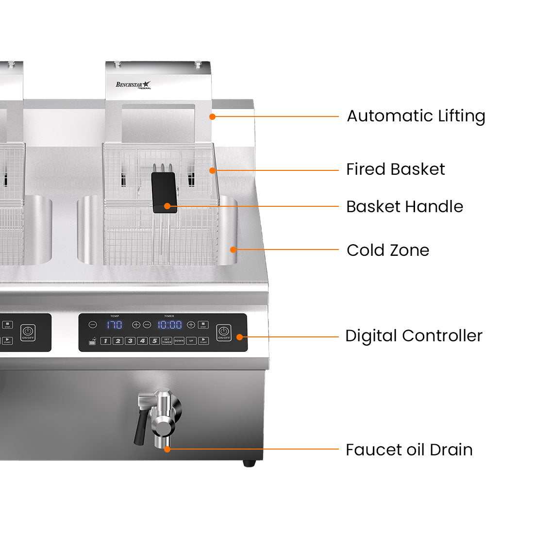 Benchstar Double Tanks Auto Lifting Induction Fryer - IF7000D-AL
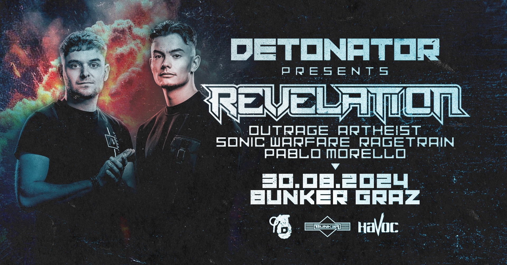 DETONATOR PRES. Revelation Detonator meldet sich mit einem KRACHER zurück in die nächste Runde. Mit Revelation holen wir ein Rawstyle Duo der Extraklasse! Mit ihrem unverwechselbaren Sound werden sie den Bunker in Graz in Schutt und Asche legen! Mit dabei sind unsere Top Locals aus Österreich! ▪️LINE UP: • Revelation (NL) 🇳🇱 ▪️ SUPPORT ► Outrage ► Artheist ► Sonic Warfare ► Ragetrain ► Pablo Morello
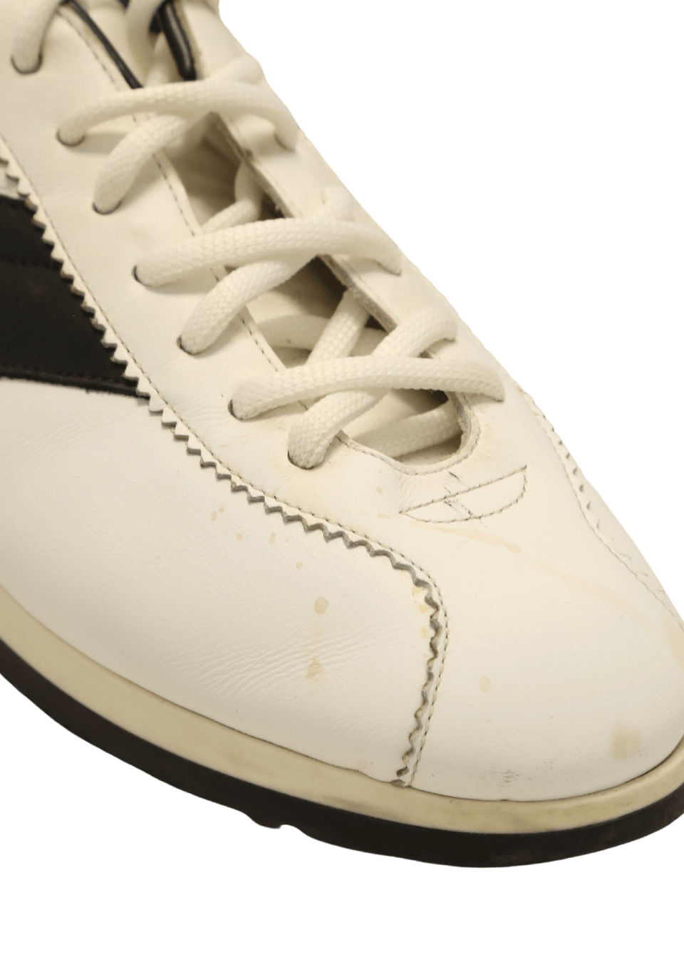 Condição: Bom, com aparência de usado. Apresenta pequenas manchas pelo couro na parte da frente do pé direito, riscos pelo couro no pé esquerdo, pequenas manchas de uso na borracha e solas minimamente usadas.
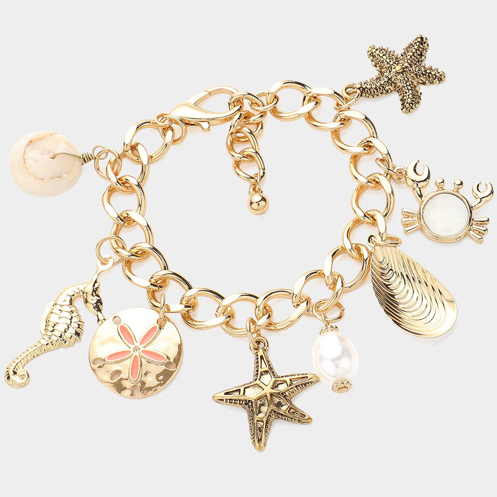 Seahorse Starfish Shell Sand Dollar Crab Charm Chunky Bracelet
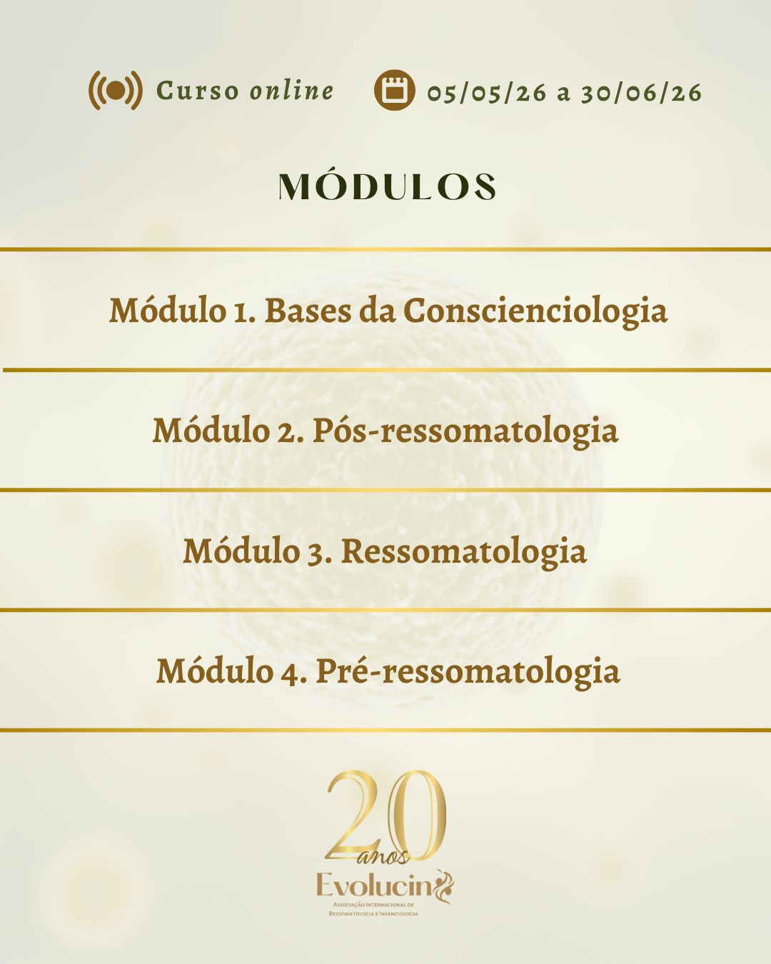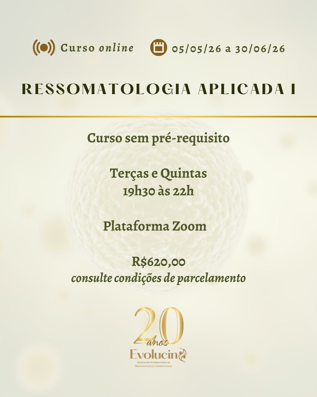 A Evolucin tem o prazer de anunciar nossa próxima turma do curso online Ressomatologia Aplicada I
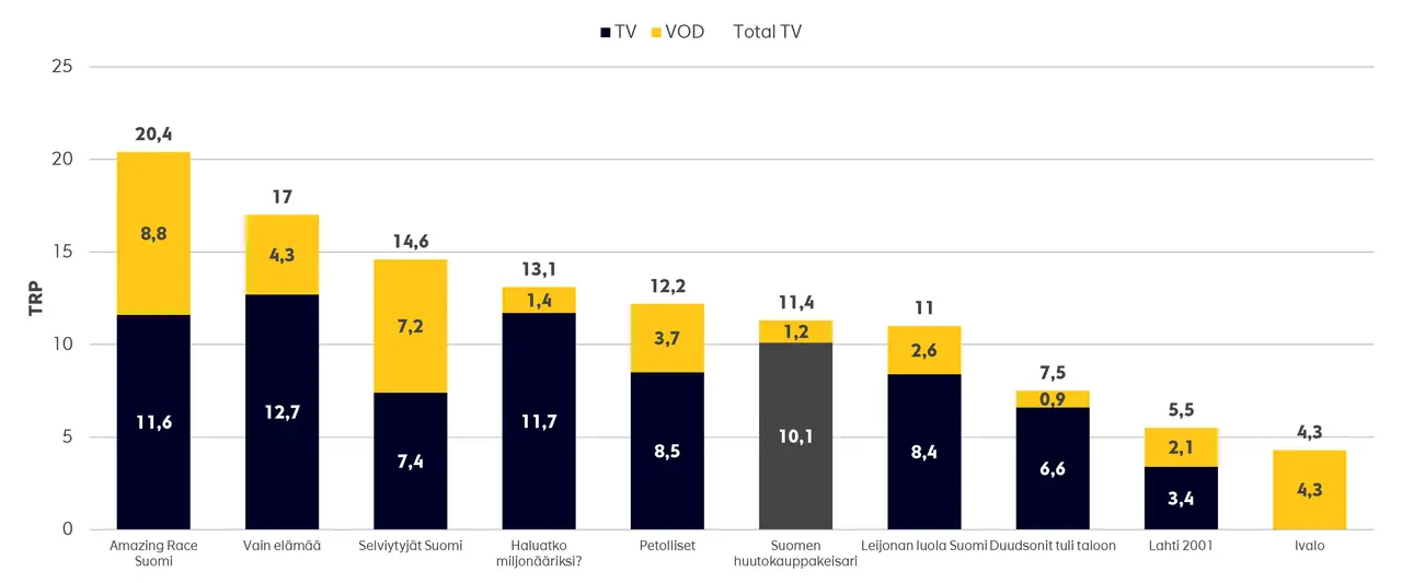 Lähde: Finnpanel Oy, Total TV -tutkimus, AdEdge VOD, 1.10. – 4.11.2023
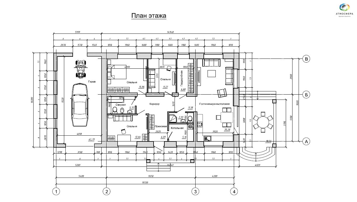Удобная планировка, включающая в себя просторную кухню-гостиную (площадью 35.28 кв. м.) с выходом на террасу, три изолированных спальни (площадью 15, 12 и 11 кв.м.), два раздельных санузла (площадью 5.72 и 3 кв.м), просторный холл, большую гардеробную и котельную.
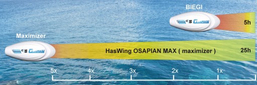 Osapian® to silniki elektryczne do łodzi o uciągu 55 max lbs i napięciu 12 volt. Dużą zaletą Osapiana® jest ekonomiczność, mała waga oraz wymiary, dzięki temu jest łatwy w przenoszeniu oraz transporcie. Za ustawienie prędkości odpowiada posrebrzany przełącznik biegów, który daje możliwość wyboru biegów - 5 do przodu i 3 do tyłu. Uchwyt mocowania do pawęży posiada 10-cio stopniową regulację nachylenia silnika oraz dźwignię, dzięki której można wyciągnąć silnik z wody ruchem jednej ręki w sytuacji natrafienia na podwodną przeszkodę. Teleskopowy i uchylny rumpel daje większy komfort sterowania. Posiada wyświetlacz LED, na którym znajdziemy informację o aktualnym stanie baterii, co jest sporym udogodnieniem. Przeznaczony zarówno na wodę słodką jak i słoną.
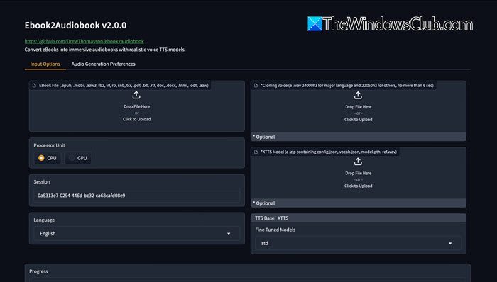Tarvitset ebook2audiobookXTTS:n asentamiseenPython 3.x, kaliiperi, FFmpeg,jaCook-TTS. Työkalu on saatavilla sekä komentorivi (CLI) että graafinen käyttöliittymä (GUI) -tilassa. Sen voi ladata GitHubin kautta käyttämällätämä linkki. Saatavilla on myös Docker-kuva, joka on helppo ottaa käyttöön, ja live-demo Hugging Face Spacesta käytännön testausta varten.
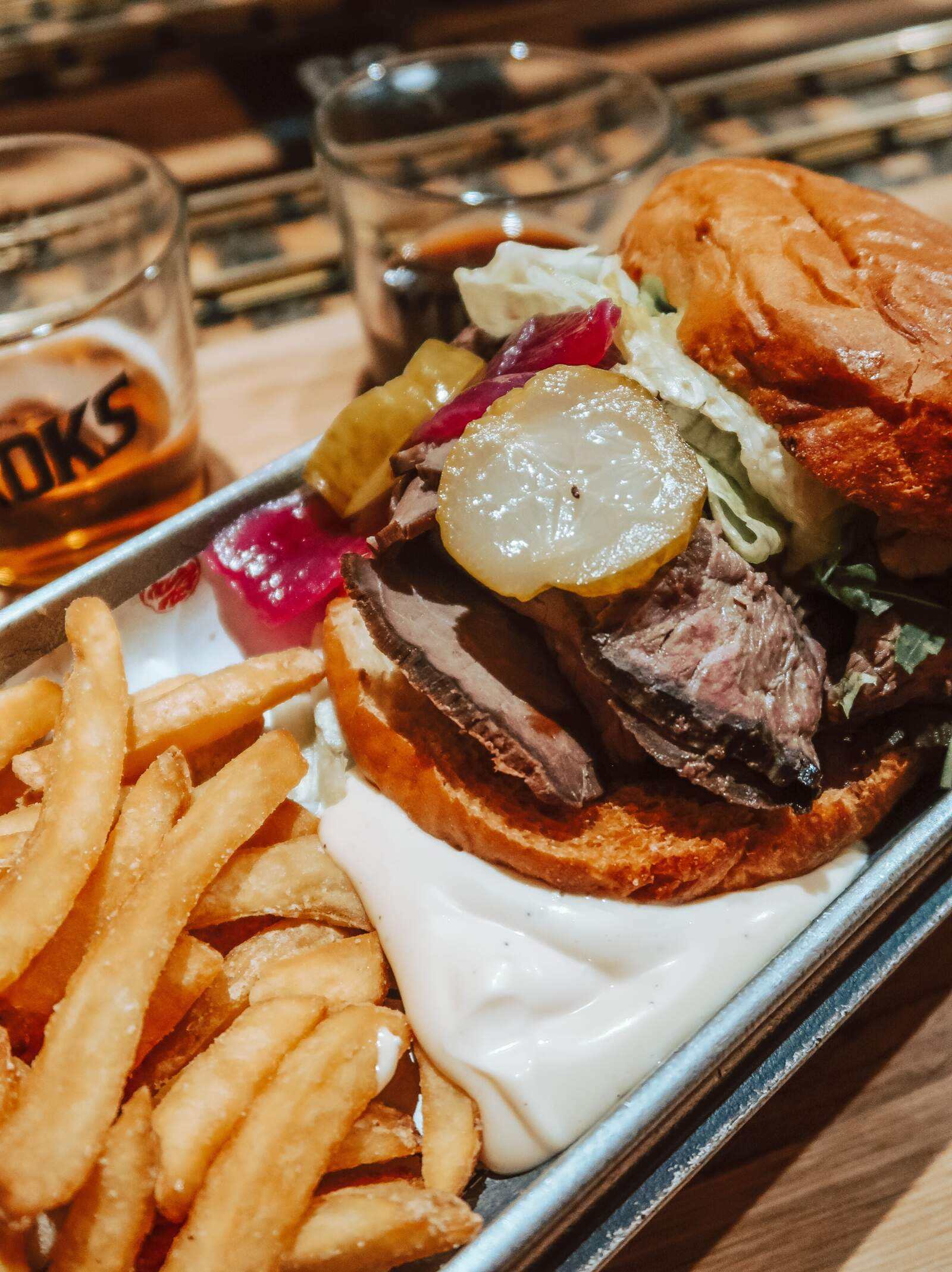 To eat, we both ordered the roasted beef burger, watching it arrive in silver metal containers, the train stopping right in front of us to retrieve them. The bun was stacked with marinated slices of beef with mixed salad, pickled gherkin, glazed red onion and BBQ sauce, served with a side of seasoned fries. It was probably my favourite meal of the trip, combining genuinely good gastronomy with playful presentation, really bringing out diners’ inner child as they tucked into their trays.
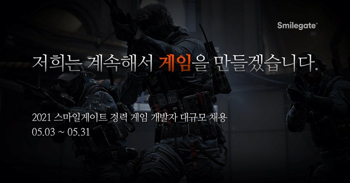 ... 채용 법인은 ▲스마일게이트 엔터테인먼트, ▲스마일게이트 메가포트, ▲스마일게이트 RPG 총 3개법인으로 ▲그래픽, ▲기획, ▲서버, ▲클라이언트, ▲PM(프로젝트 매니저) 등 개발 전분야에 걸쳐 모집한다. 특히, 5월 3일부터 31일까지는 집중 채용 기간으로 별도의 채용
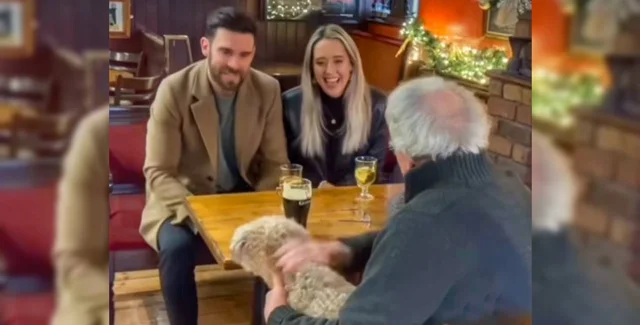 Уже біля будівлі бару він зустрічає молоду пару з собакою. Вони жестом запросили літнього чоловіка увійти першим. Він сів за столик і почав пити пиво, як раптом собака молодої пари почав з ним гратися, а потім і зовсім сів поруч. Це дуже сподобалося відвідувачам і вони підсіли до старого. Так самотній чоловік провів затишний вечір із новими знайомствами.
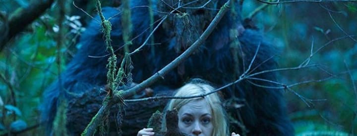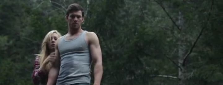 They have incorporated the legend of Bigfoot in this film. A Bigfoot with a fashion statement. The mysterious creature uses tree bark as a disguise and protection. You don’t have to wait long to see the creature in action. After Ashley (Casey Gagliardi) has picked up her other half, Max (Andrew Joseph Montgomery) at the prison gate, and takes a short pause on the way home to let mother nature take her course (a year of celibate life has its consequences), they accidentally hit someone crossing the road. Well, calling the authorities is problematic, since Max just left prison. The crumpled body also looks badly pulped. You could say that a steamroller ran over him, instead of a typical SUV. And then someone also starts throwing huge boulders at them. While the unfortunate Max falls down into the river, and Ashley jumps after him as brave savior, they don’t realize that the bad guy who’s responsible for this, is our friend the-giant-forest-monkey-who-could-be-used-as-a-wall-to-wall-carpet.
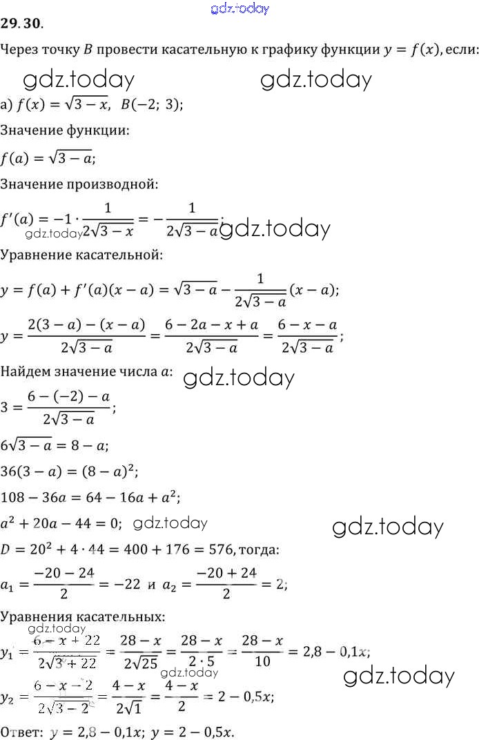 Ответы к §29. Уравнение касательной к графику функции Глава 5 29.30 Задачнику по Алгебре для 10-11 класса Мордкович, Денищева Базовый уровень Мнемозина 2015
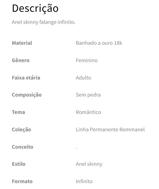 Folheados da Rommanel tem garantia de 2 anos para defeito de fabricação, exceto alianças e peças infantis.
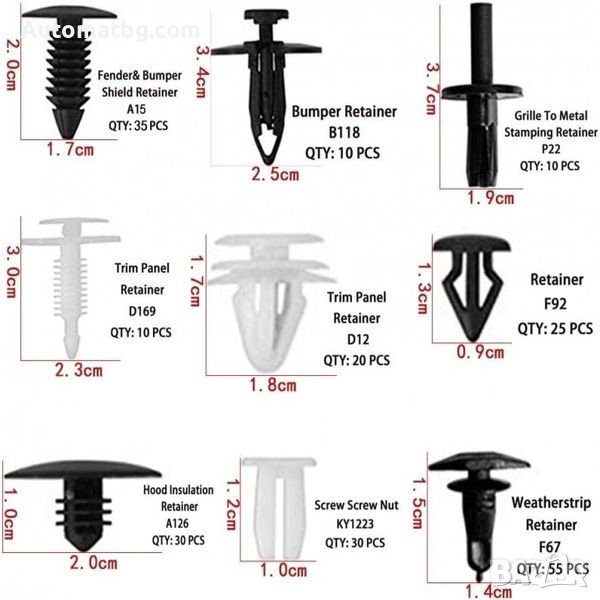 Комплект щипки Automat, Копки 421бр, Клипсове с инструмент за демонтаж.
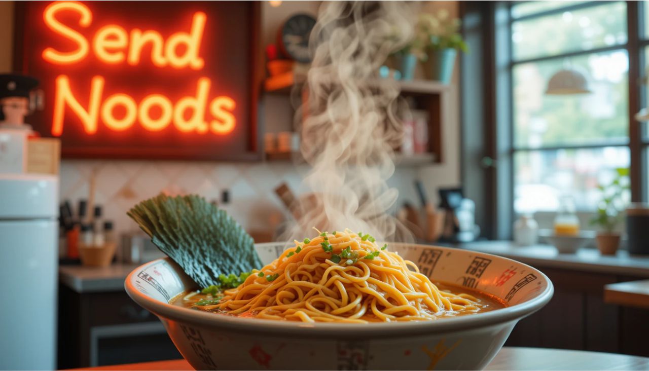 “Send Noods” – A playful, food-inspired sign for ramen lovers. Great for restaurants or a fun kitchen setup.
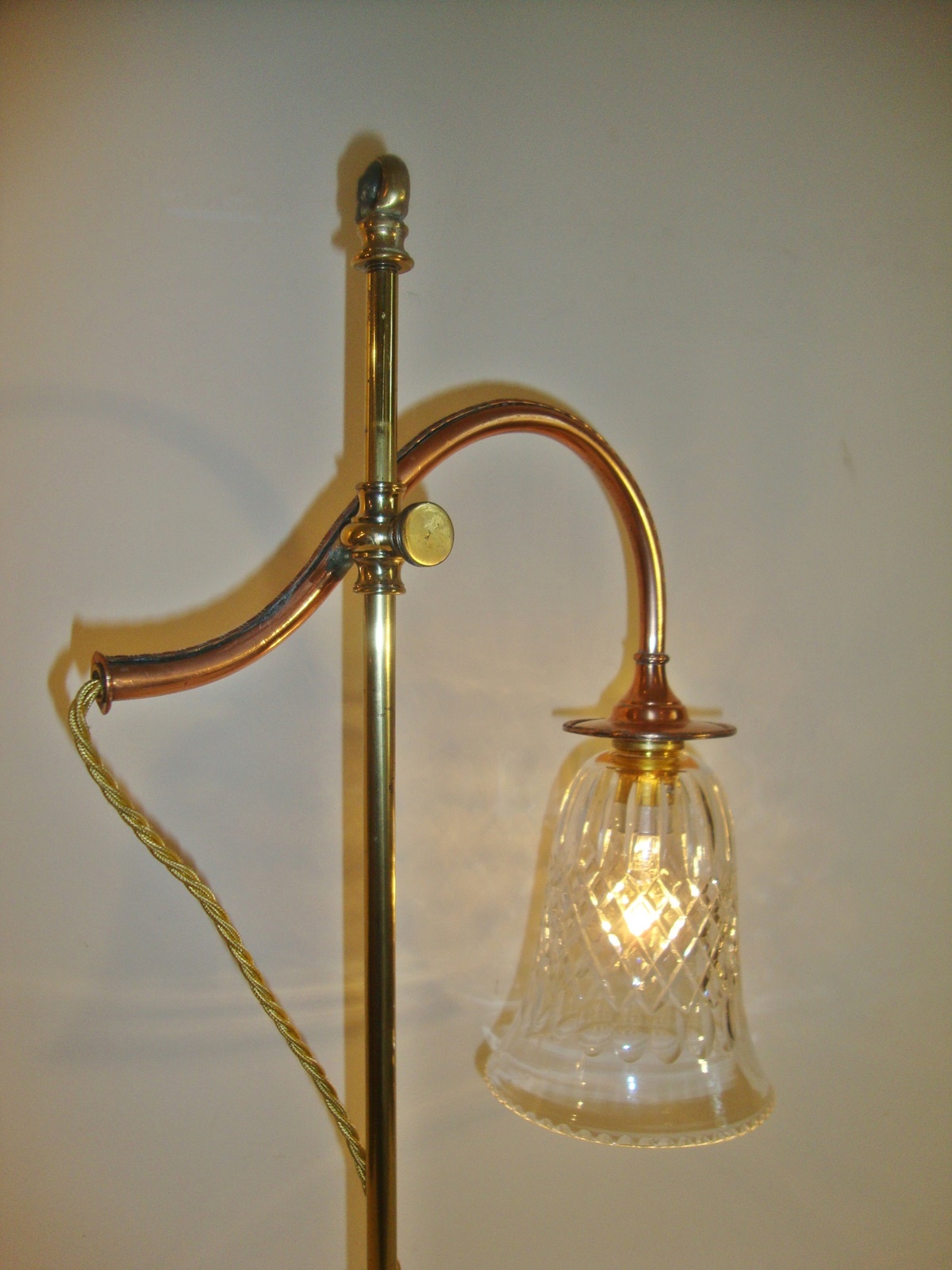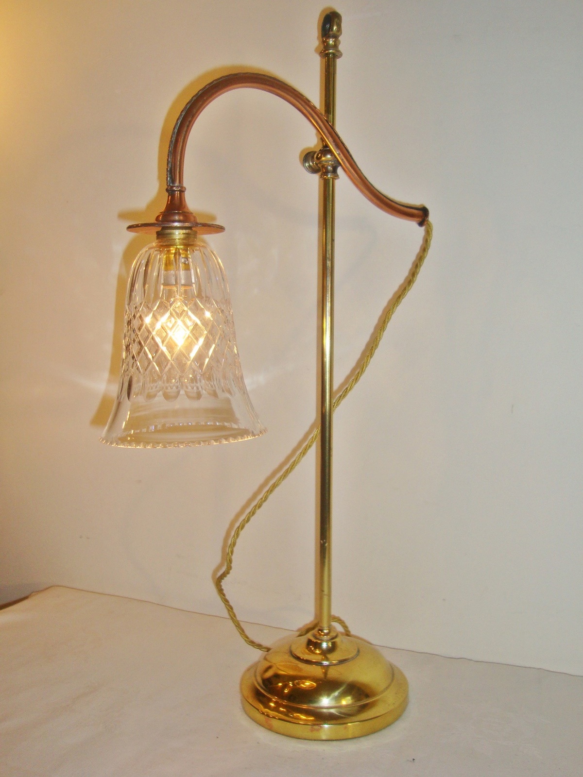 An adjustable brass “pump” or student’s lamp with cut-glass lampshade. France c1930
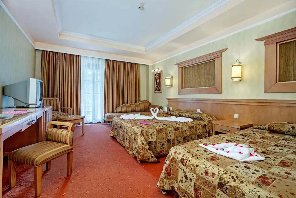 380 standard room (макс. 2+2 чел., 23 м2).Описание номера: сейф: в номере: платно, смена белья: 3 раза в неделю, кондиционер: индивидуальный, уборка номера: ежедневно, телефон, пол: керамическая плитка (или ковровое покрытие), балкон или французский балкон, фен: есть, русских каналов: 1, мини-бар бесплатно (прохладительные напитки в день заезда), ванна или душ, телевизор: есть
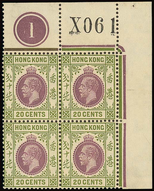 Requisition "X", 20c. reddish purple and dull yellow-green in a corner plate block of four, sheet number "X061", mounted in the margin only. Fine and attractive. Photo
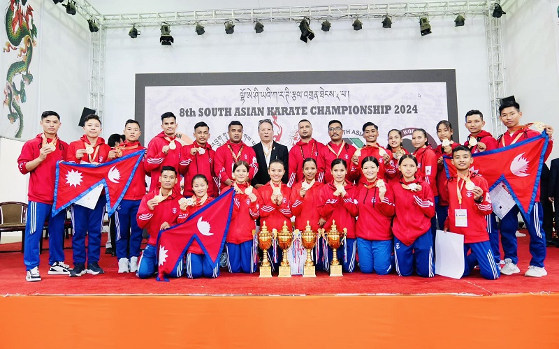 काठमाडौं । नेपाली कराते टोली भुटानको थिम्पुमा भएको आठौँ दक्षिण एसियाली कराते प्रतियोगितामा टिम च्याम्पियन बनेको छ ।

· · · · · · ·

*Work required*: Return word for word the lines of the listing above, starting at the line with "A Evolucin tem" and ending at the line with "Osapian® to silniki", both included. Pictures do not belong in the copy.

*Result of the exercise*:
 A Evolucin tem o prazer de anunciar nossa próxima turma do curso online Ressomatologia Aplicada I
 Lähde: Finnpanel Oy, Total TV -tutkimus, AdEdge VOD, 1.10. – 4.11.2023
Удобная планировка, включающая в себя просторную кухню-гостиную (площадью 35.28 кв. м.) с выходом на террасу, три изолированных спальни (площадью 15, 12 и 11 кв.м.), два раздельных санузла (площадью 5.72 и 3 кв.м), просторный холл, большую гардеробную и котельную.
 Osapian® to silniki elektryczne do łodzi o uciągu 55 max lbs i napięciu 12 volt. Dużą zaletą Osapiana® jest ekonomiczność, mała waga oraz wymiary, dzięki temu jest łatwy w przenoszeniu oraz transporcie. Za ustawienie prędkości odpowiada posrebrzany przełącznik biegów, który daje możliwość wyboru biegów - 5 do przodu i 3 do tyłu. Uchwyt mocowania do pawęży posiada 10-cio stopniową regulację nachylenia silnika oraz dźwignię, dzięki której można wyciągnąć silnik z wody ruchem jednej ręki w sytuacji natrafienia na podwodną przeszkodę. Teleskopowy i uchylny rumpel daje większy komfort sterowania. Posiada wyświetlacz LED, na którym znajdziemy informację o aktualnym stanie baterii, co jest sporym udogodnieniem. Przeznaczony zarówno na wodę słodką jak i słoną.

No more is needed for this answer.